Question

The potential of hydrogen electrode having a solution of $pH = 4$ at $298K$ is,
A)$- 0.177V$
B) $- 0.236V$
C) $0.177V$
D) $0.236V$

Answer 1

We know the Hermann Nernst equation is commonly accustomed to calculate the cell potential of a chemical science cell at any given temperature, pressure, and chemical concentration.
${E_{cell}} = {E_0}-\left[ {RT/nF} \right]lnQ$
Where,
${E_{cell}}$ = cell potential of the cell
The cell potential below customary conditions is ${E_0}$
R is the universal gas constant
T is temperature
n is amount of electrons transferred within the chemical reaction
Q is the reaction quotient

Complete answer:
We can calculate the $[H^+]$ by using the formula, $pH = - \log \left[ {{H^ + }} \right]$
Given,
$pH = 4$
Thus, $\Rightarrow \left[ {{H^ + }} \right] = {10^{ - 4}}$
The reaction which occurs at electrode is,
${H^ + } + {e^ - } \to \dfrac{1}{2}{H_2}$
Where,
${E_{cell}}$=0, n=1 and [H2]=1 atm
${E_{cell}} = {\text{ - }}\dfrac{{0.059}}{1}\log \dfrac{{\left[ {{H_2}} \right]}}{{\left[ {{H^ + }} \right]}}$
Now we can substitute the known values we get,
$\Rightarrow {E_{cell}} = {\text{ - }}\dfrac{{0.059}}{1}\log \dfrac{1}{{{{10}^{ - 4}}}}$
${E_{cell}} = {\text{ - 0}}{\text{.059}}\left( { - \log {{10}^{ - 4}}} \right)$
On simplifying we get,
$\Rightarrow {E_{cell}} = {\text{0}}{\text{.059}}\left( { - 4} \right) = - 0.236V$
Thus the correct option is B.

Note: We can see the limitations of Nernst Equation:
The activity of an ion in an exceedingly} very dilute solution is on the point of eternity and can, therefore, be expressed in terms of the ion concentration.

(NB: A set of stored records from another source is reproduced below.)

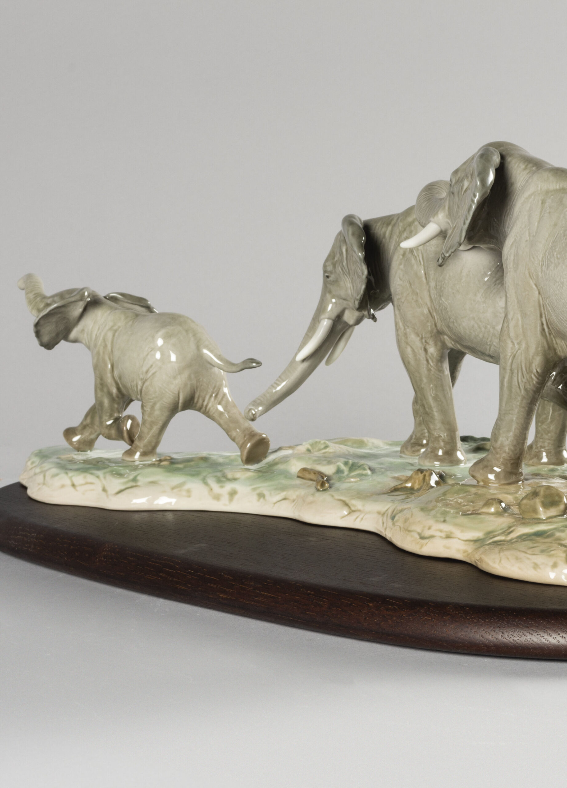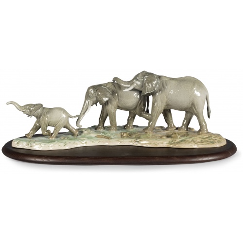 These incredible elephants are part of African Savannah, the impressive masterpiece that depicts a group of animals on a journey along an age-old route in search of water. Made in glazed porcelain and decorated in soft pastel tones, they can be acquired separately or with the rest of the animals included in this striking composition. An ideal creation to give as a gift to lovers of animals and nature. Handcrafted in Spain.
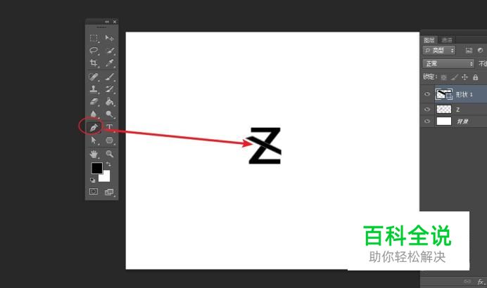 输入字母Z字,并缩放字母的大小。(自由变换工具)
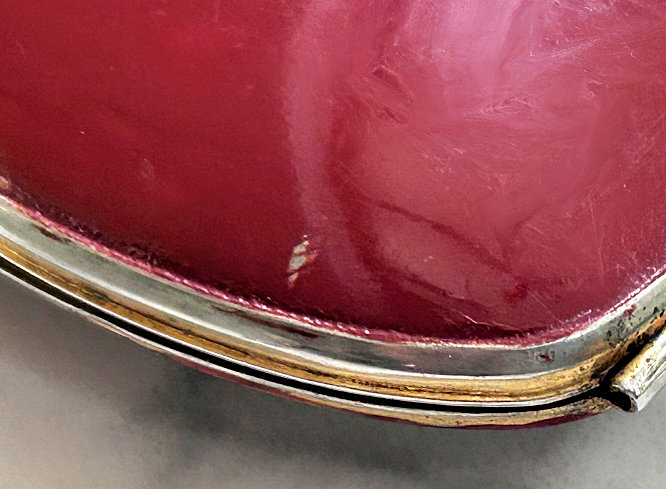 Painters who painted these compacts took artistic license and duplicated this famous painting with many variations and this is no exception. The scene is beautifully done with subtle color changes in an enameled top - not guilloche - while the back of the compact is finished in a lovely deep periwinkle blue which is enamel guilloche. Rarely do you find the combination of both types of enameling on one compact but the effect is stunning. The painting on the lid completely covers it with no border at all. It is not sterling but has a copper color to the metal. Inside the lid is a mirror with a rope bezel retainer. The bottom has a rotating sifter in gold and an old puff which is probably not original. There are no makers marks. As for condition, the enamel on the lid is perfect and the bottom is perfect. On one side at about the 3:30 position is a very old and very well done repair. I have seen papers in compacts where you could actually return them to the maker to be repaired professionally and this appears to have been done in that way. Please see all pics for close-up of this area. Measures 2-1/8" diameter. (Click on pic for more photos.) |
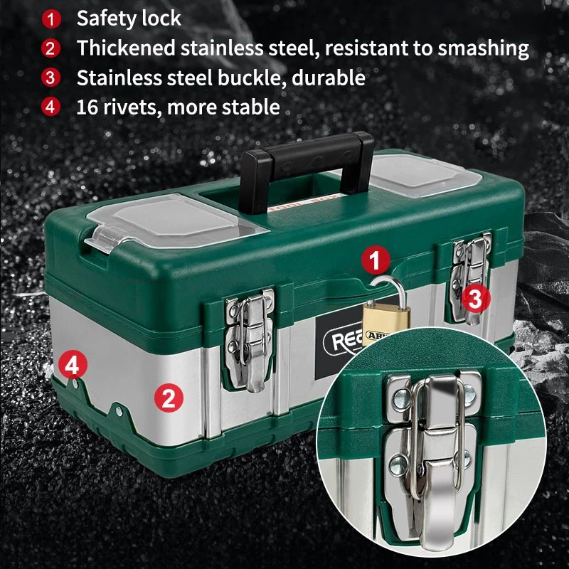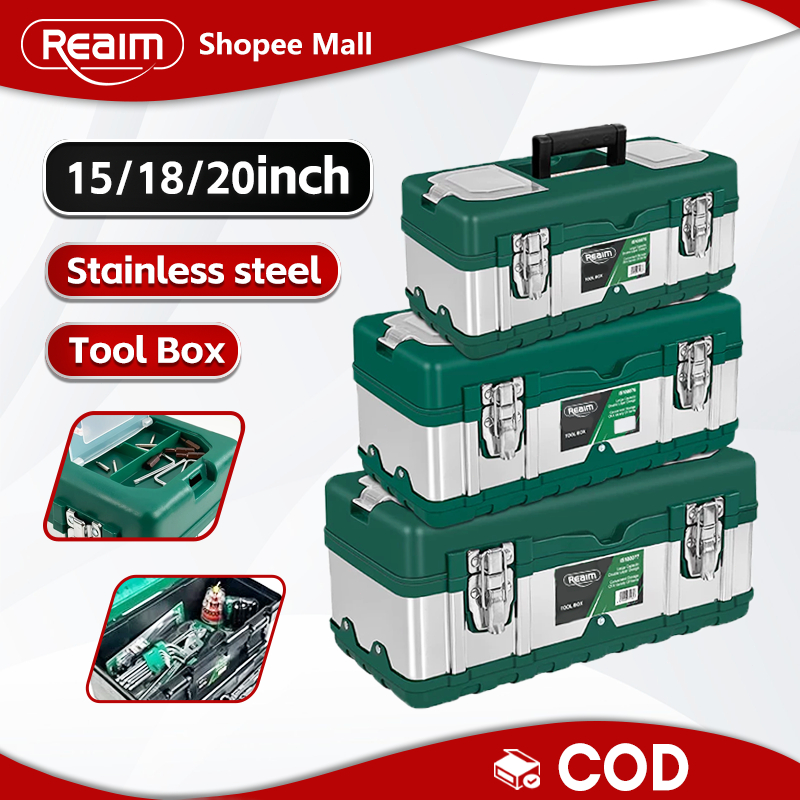 REAIM Tool Box 15-21 inch Stainless Steel Toolbox/2 layaer Toolkit Box BoxAlat Perkakas/kotak alat plastik
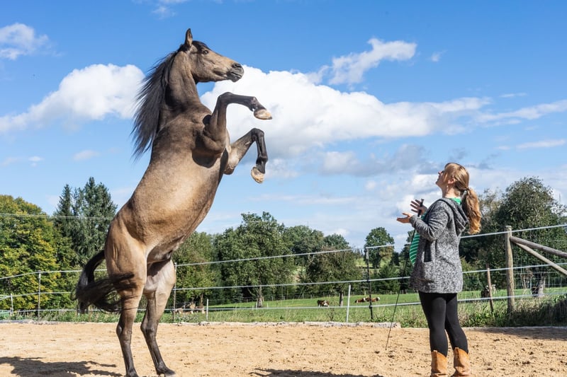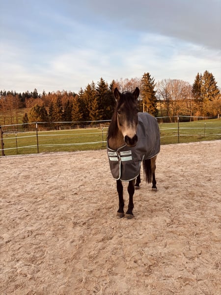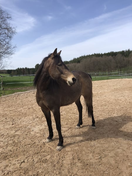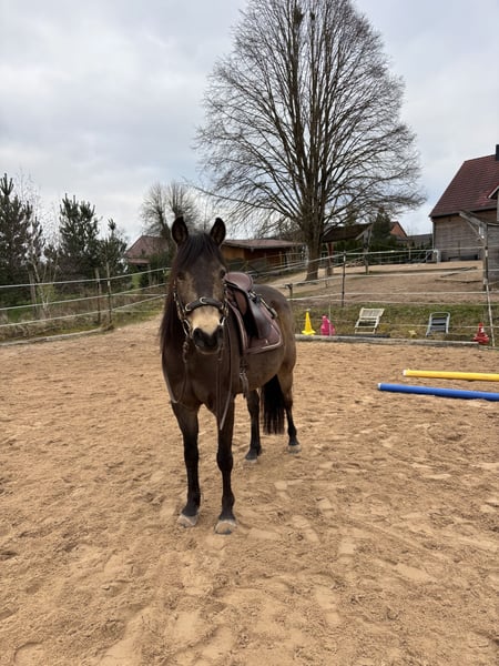 Schweren Herzens suche ich für meinen 12-jährigen Quarab Wallach ein passendes, erfahrenes Zuhause. Er ist 1,45m groß und daher kein Gewichtsträger (max 70kg). Ich habe ihn als Jährling gekauft und ihn 5-jährig schonend angeritten. Er ist ein sehr intelligentes, sensibles Pferd, das mit großer Freude lernt und besonders in der Bodenarbeit sowie in der Freiarbeit aufgeht. Er beherrscht zahlreiche Lektionen wie Schulterherein, Travers, Revers, Plié, den spanischen Schritt sowie erste Ansätze der Piaffe. Auch die Freiarbeit und Zirzensik machen ihm große Freude und gehören zu seinen Stärken. Unter dem Sattel zeigt er sich auf dem Platz eher ruhig und bemüht, alles korrekt umzusetzen. Im Gelände hingegen blüht er richtig auf und zeigt deutlich mehr Motivation und Freude an der Arbeit. Sein kluger Kopf ist Fluch und Segen zugleich: Er lernt sehr schnell – sowohl Gewünschtes als auch Ungünstiges. Daher benötigt er eine klare, ruhige und konsequente Führung durch eine erfahrene Person. Er hat eine ausgeprägte Persönlichkeit, steht täglich für sich ein und kann in seinen Reaktionen impulsiv sein. Dies kann sich in seltenen Situationen durch Losreißen (teilweise mit Erfolg), Steigen, Wegdrehen oder Drohverhalten äußern. Gesundheitlich ist er leichtfuttrig und benötigt ein angepasstes Futtermanagement mit begrenztem Zugang zu Heu und Weide. Mit vier Jahren hatte er einen leichten Reheschub; Röntgenbilder sind vorhanden, es kam dabei zu keiner Rotation oder Absenkung. Zudem hat er sehr empfindliche Haut und wird im Sommer mit Fliegendecke geschützt. Aufgrund seiner hohen Körperspannung benötigt er im Winter ebenfalls eine Decke, um die Rückenmuskulatur warm zu halten. Ich wünsche mir für ihn ein Zuhause in Offenstallhaltung bei Menschen, die seine besondere Art zu schätzen wissen und ihm mit Ruhe, Klarheit und Erfahrung begegnen können. Für den richtigen Menschen ist er ein unglaublich spannender Partner mit viel Potenzial und Ausdruck. Ein passender Vollmaßsattel ist vorhanden und kann bei Interesse gerne miterworben werden. Selbstverständlich werden alle 6 Wochen die Hufe bearbeitet (er läuft barhuf und im Gelände mit Hufschuhe), Zähne werden jährlich kontrolliert, regelmäßige Kontrolle durch Osteo, Physio und Sattlerin. Der Preis ist verhandelbar. Ein gutes Zuhause wäre mir viel wichtiger. Bei Fragen meldet euch gerne bei mir.

However, for solutions having very high concentrations, the ion concentration isn't up to the particle activity. So as to use the Nernst equation in such cases, experimental livements should be conducted to get actuality activity of the ion. Another defect of this equation is that it can't be accustomed to measure cell potential once there's current flowing through the electrode. This can be as a result of the flow of current that affects the activity of the ions on the surface of the electrode. Also, further factors adore resistive loss and over potential must be thought-about when there is a current flowing through the electrode.